OPINION: The Unexpected War of the French Lefts
Just as the beauty of Cleopatra’s famous nose supposedly indirectly resulted in the war between her lover, Marcus Aurelius, and Augustus, the allegations against Harvey Weinstein for sexual assault have unexpectedly contributed to another vicious war within the French left—a war fought by influential newspapers, intellectuals, and politicians. Yet the war was not about sexual harassment but on the issue of integration and radical Islam. Left-wing politicians were preparing to fight on economics, the left’s favorite battleground; now they are forced to fight the tense battle of identity. In February 2016, an eternity ago in the current political chaos that has become French politics, Manuel Valls, then prime minister to Socialist President François Hollande, famously declared, “there are two irreconcilable lefts.” At the time, this declaration was broadly understood as the formalization of the divorce between a market-friendly left led by Valls and supported by his young economy minister, Emmanuel Macron, and the traditional Marxist left.

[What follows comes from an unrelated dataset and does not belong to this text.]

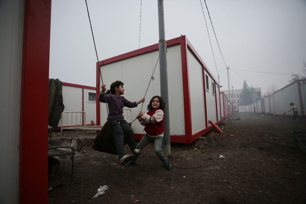 Nov. 21, 2013: Children play on a makeshift swing at Harmanli refugee camp in Harmanli, Bulgaria. | (AP Photo/Valentina Petrova)

Three years later, this war has begun again. Many of the actors are the same, but the battle lines are different. The first symbolic bullet was fired by Henda Ayari, a former Salafi woman, who accused Tariq Ramadan of rape on October 20 following the Harvey Weinstein scandal. Allegation against Ramadan for rape followed up.
Ramadan is the closest thing to a televangelist for the increasing European Muslim Youth. As an extraordinarily charismatic and handsome man, a feared debater, and a grandson of the founder of the Muslim Brotherhood, he has built a reputation as a defender of a conservative brand of Islam over the years, through debates with many European politicians, including former-President of France Nicolas Sarkozy. Ramadan also rose up the ladders of academia to become a professor of Islamic Studies at the University of Oxford.

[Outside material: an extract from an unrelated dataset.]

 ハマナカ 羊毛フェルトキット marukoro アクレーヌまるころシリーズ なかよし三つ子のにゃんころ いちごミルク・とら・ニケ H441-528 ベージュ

A few days later Charlie Hebdo, the satirical newspaper tragically attacked by jihadists in 2015, made its cover the Ramadan scandal, with a cartoon of a grotesquely erect (aroused) Ramadan claiming he was the “sixth pillar of Islam.” In the hours that followed, Charlie Hebdo received hundreds of death threats for its controversial front page.

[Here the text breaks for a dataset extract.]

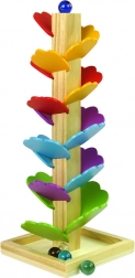 Drvene igračke izvrstan su izbor za malu djecu zbog svoje bezvremenosti i trajnosti. Ovo stablo s rampom za kuglice osmišljeno je kako bi pomoglo razvijati motoriku, kreativno razmišljanje i poznavanje boja. Djeca uče preciznost tako što postavljaju obojene listiće na prava mjesta na stablu, dok prate putanju kuglica koje se spuštaju prema dolje.

The following week, Charlie Hebdo published another scathing front page, accusing Mediapart, an online left-wing newspaper, and its publication director, Edwy Plenel, of covering for Ramadan’s ideology in past years. Plenel responded that Charlie Hebdo belonged to a “larger campaign” that “refers back to its obsession: the war on Muslims.” Charlie Hebdo immediately lashed back and argued that, by arguing Charlie Hebdo was part of a war against Muslims, Plenel had condemned them to death a second time.
At the same time, the left-wing Unsubmissive France party of Jean-Luc Mélenchon seemed incapable of deciding where to stand. On the one hand, Mélenchon and his political allies come from a tradition very critical of religions. The religious question, and all issues relating to immigration and discrimination, always came second to class struggle and economic redistribution. Yet, at the same time Mélenchon in his 2017 presidential run benefited from excellent results in France’s multicultural suburbs, which have strong Muslim populations.
For months, Mélenchon thought the battle would be fought on economics. As centrist President Emmanuel Macron implemented market-friendly reforms, Mélenchon struggled to mobilize his supporters in the streets. He now has to discipline one of his MP’s for openly supporting “decolonial camps” reserved for people of color to “decolonialize” their minds.
In this vicious war between leftist parties, one man managed to dodge all bullets: Macron. Macron comes from the world of economics and saw reforming the economy as his priority. Macron the candidate ran a campaign valuing openness with at times Trudeau-esque declarations, while Macron the president has blurred his “globalist image” with some conservative symbolism. Yet this tense war will certainly erupt up again. The motive will be immigration reform, the burkini, or even an issue of lesser importance. The right is trying to deal with this issue; the left is learning to. And, French citizens will urge the president to take a stand.